Since WD/DDLPS carry many copy number variants (CNVs), we investigated if any of the 3M genes could be mutated in the case M18, for which exome data were available. This specimen derived from a patient with metastatic disease. The region carrying PNPLA2 was deleted in this case (Fig. 4, circles), but not in five randomly chosen WDLPS samples (data not shown).

We also performed in silico reanalysis of publicly available datasets containing sequencing data and clinical parameters of DDLPS cases (TCGA PanCanAtlas, https://​www.​cbioportal.​org/​study/​summary?​id=​sarc_​tcga_​pub). First, we checked the copy number variation (CNVs) and found that PNPLA2 was deleted in 22 cases (44%). The deletions were hemizygous and were associated with significantly lower PNPLA2 expression level (P < 0.01) (Fig. 5a). In three cases there was either CN gain or gene amplification, which however were not associated with gene expression increase.

To assess a clinical relevance of PNPLA2, LIPE and PLIN1 expression levels in DDLPS, we investigated the clinical parameters in relation to the gene expression level. Strikingly, we found that samples with R0 surgical margins had significantly (for both means and variances, P < 0.05) higher expression level of PNPLA2, while R1 margins were associated with lower PNPLA2 expression (Fig. 5b). None of the other two genes, LIPE and PLIN1, displayed similar associations. Notably, based on TCGA data, the oncogenes with the highest CNV in DDLPS like MDM2, CDK4 or FRS2 did not associate with surgical margins, disease progression or overall survival (data not shown).

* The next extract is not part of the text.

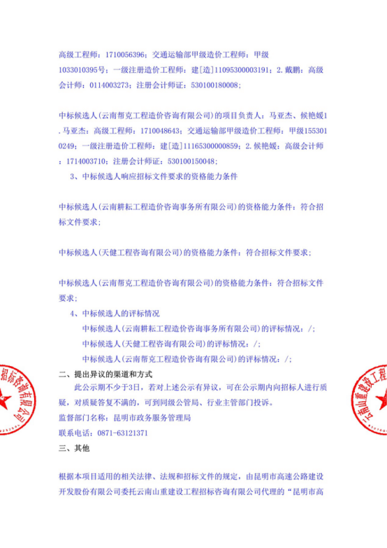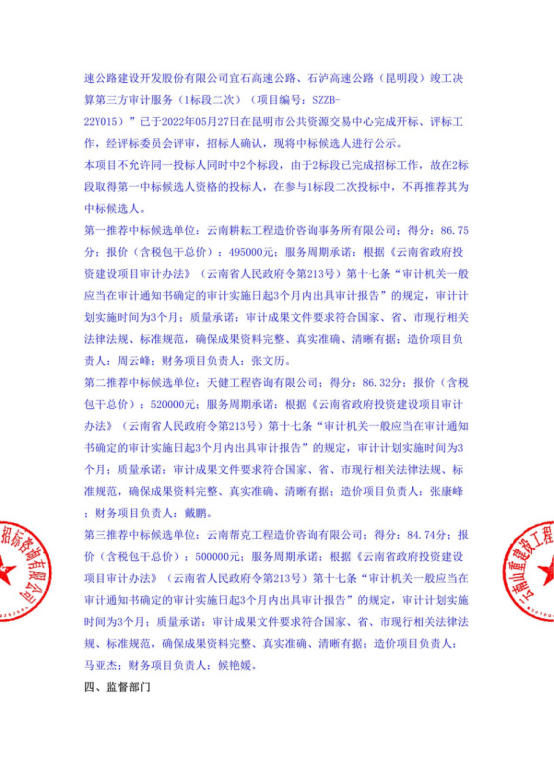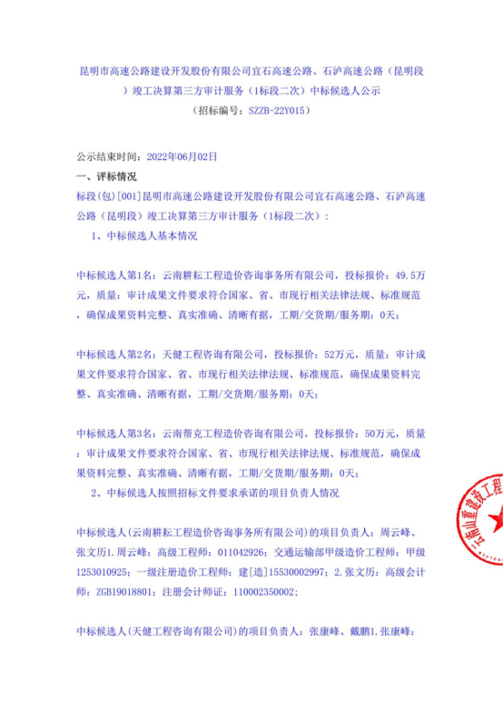 昆明市高速公路建设开发股份有限公司宜石高速公路、石泸高速公路(昆明段)竣工决算第三方审计服务(1标段二次)中标候选人公示

Collectively, these data highlight PNPLA2 as a promising diagnostic and prognostic biomarker that is likely to play a role in liposarcoma pathogenesis.

Next, we investigated whether there was a difference in the expression levels across non-retroperitoneal and retroperitoneal location of ALT/WDLPS tumors in the pooled cohort. We found no significant intra-group differences between the expression levels of the five genes in the different anatomical sites (Additional file 4: Figure S3). We then performed binary logistic regression to evaluate the independence of the five metabolic genes of anatomical site. Here, SLC2A4, PNPLA2 and SCD1 were independently associated with differential diagnosis (OR = 1.09, P = 0.014; OR = 1.52, P = 0.016; and OR = 1.45, P = 0.020, respectively). No apparent differences in gene expression levels were observed in samples from primary and relapse surgeries or across gender (data not shown). Anatomical site (abdominal vs. non-abdominal) yielded an AUC of 0.75, age (continuous) 0.59, and the two-combined reached an AUC of 0.81 towards distinguishing WDLPS from DDLPS (Additional file 5: Figure S4).